La edad promedio fue de 75 ± 8,8 años (rango: 61 a 93 años), 11 pacientes (36,7 %) eran del sexo femenino y los 19 restantes (63,3 %) del masculino. En 27 enfermos (90%) la estenosis comprometía el esófago medio, en 2 (6,7%) la unión gastroesofágica y en 1 (3,3%) la anastomosis esófago yeyunal por recidiva tumoral post gastrectomía total por cáncer. Lejos el tipo de neoplasia más frecuente fue el escamoso (86,7%) El resto se muestra en la Tabla 1. La longitud promedio del tumor fue de 6,7 ± 2,5 cm (Rango: 3 a 12 cm), 19 pacientes (63,3%) no habían recibido radioterapia previa a la inserción de la prótesis y en 11 casos (36,7%), estas se instalaron como consecuencia de la recidiva tumoral post irradiación.

Tabla 1. Tipo histológico del tumor

En 24 enfermos (80%) la indicación de inserción de una prótesis autoexpandible fue la disfagia, en 3 pacientes (10%), la fistulización del tumor hacia la vía aérea y en 3 casos (10%), por sospecha o confirmación de perforación del esófago en el curso de una dilatación esofágica paliativa.

El grado de disfagia antes y después de la inserción fue evaluado según la clasificación de Mellow-Pinkas23 (Tabla 2).
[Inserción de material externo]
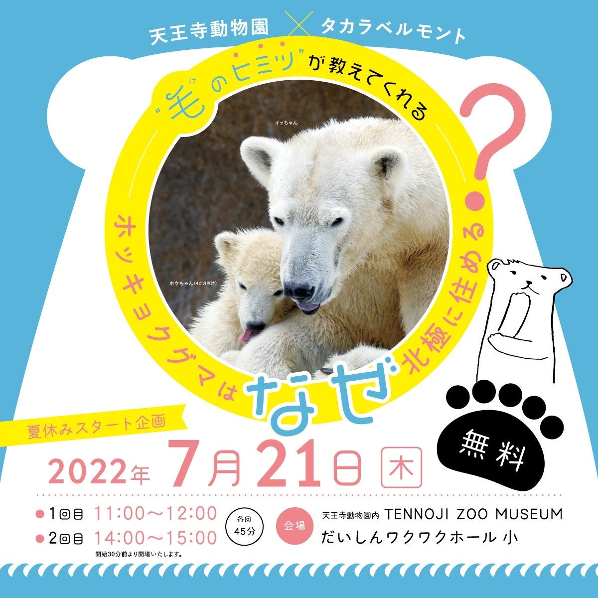 親子向け夏休み無料セミナー【“毛のヒミツ”が教えてくれる ホッキョクグマはなぜ北極に住める?】2022年7月21日(木)、天王寺動物園内 だいしんワクワクホール小にて開催

El índice promedio de disfagia pre-tratamiento fue de 3 ± 0,69. La mayoría de los pacientes toleraba sólo la ingesta de líquidos y 12 enfermos (40%) estaban en afagia (Tabla 3).

Tabla 2. Clasificación de la disfagia (Mellow-Pinkas)

Tabla 3. Grado de disfagia antes y después de la inserción de las prótesis

La prótesis Choostent, consiste en una malla tubular autoexpandible hecha de una aleación de titanio y níquel (nitinol), completamente cubierta por una membrana de silicona. Está disponible en 4 medidas estándar según su longitud: 8, 11, 14 y 17 cm (Figura 1).

Figura 1. Prótesis Choostent.

Todos los stents fueron insertados por un único cirujano endoscopista (M.A.M.). Previa anestesia tópica faríngea con lidocaína al 2% y ubicación del enfermo en decúbito lateral izquierdo se procedió a efectuar la sedación mediante midazolam IV (0,5-5 mg) y adicionando a algunos meperidina (10 a 30 mg), dependiendo de la edad y de las condiciones generales de los pacientes.

La longitud de la lesión fue determinada por medio de radiología y endoscopia. En pacientes en los que no se pudo sobrepasar la estenosis con el endoscopio, previo a la inserción del stent, se dilató con bujías de Savary-Guillard (Wilson-Cook Medical Inc. Winston-Salem, N.C) hasta 38 Fr.

Los extremos proximal y distal de la lesión neoplásica fueron determinados mediante visión endoscópica directa y delimitados simultáneamente bajo fluoroscopia con marcadores externos radio-opacos. Posteriormente, y conducido por una guía metálica de Savary, se insertó el stent hasta que sus extremos quedaran ubicados por lo menos 2 cm distal y proximal del tumor (Figura 2).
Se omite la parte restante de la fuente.